• [WHAT THIS TASK INVOLVES]
Word for word, restate the lines from the one holding "Damneon Saduak Floating Market 丹嫩沙多水上市场" through the last line of the material below, and leave every picture out.

• [MATERIAL SUPPLIED]
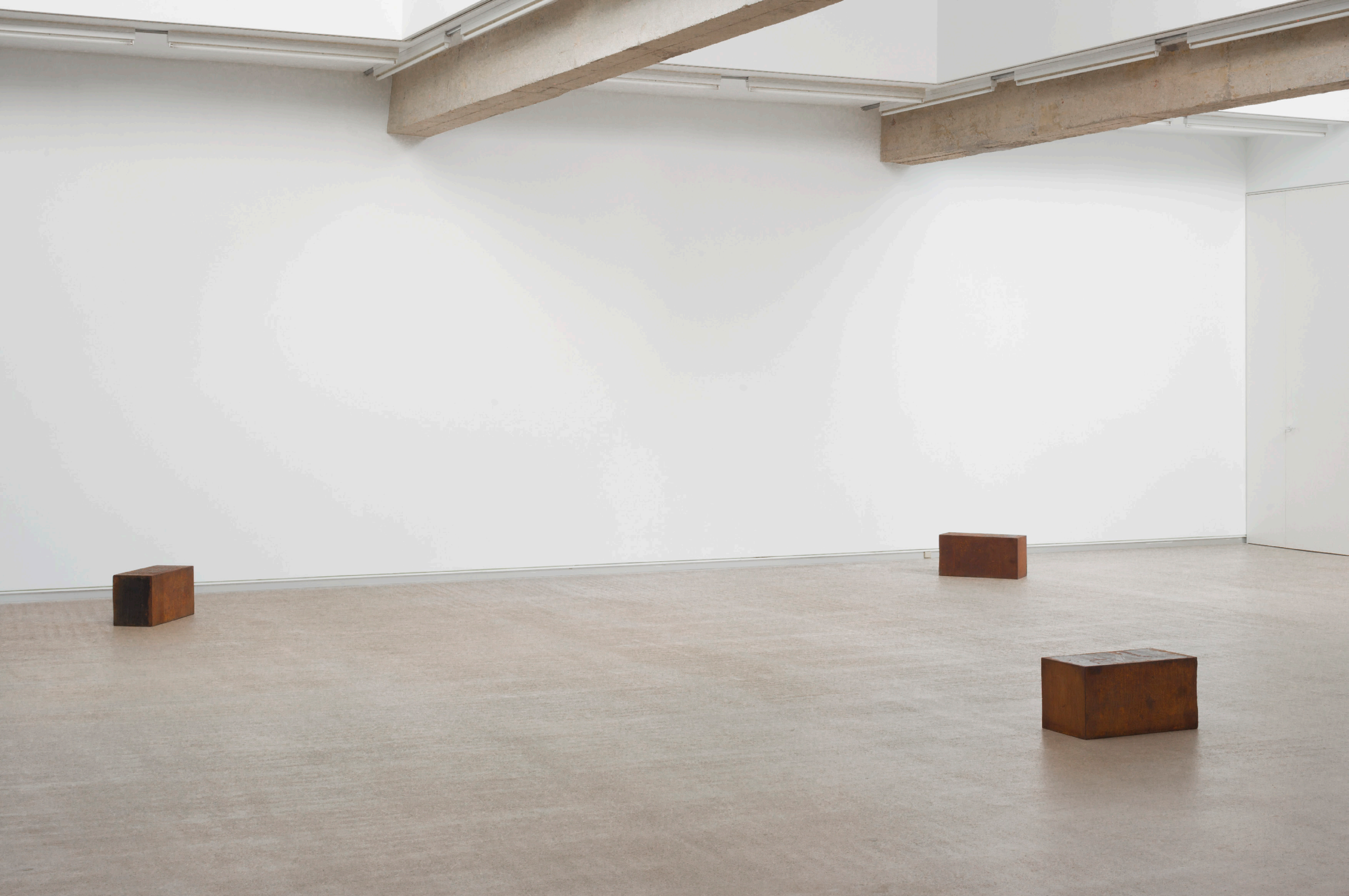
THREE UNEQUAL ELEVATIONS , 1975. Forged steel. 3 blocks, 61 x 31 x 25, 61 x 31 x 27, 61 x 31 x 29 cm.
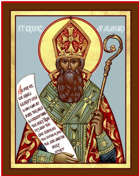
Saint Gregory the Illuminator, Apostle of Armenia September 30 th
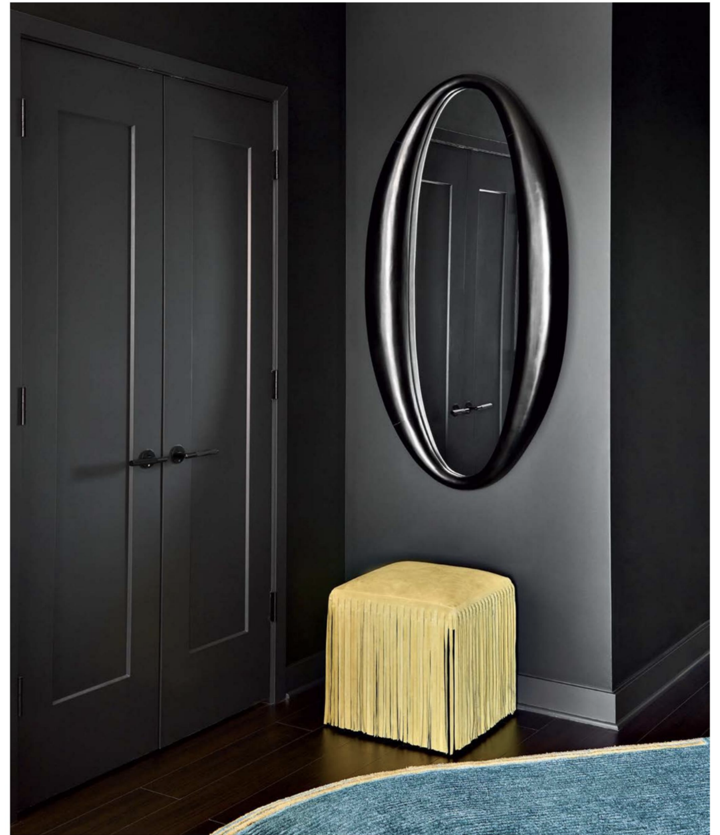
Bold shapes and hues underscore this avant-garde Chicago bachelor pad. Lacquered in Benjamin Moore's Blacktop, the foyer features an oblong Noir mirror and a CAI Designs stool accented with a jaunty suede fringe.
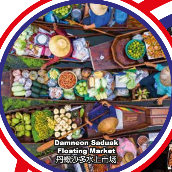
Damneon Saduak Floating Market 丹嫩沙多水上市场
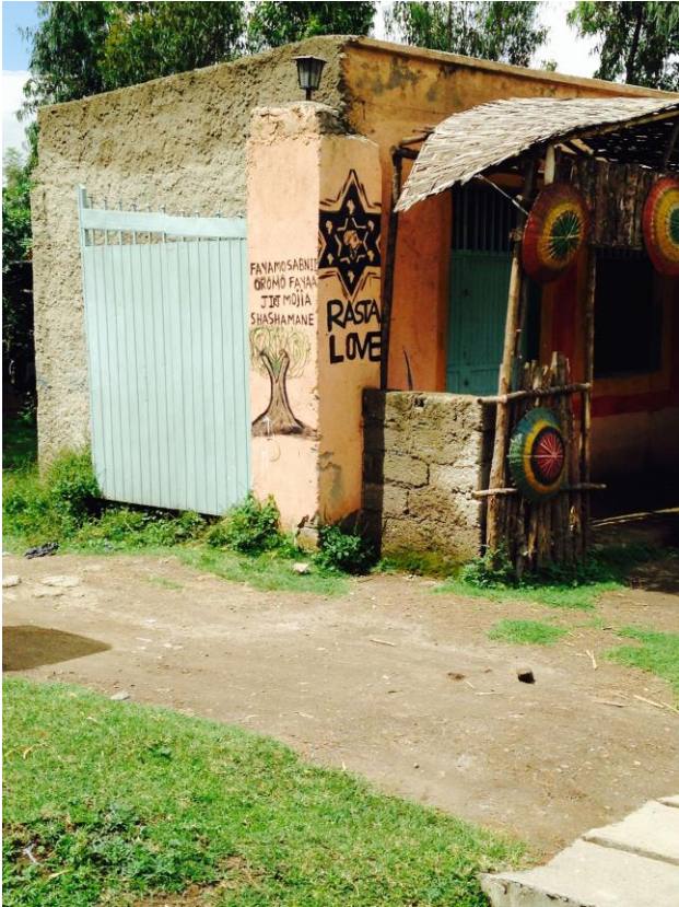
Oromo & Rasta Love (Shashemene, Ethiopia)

• [RESPONSE AREA]
Damneon Saduak Floating Market 丹嫩沙多水上市场
Oromo & Rasta Love (Shashemene, Ethiopia)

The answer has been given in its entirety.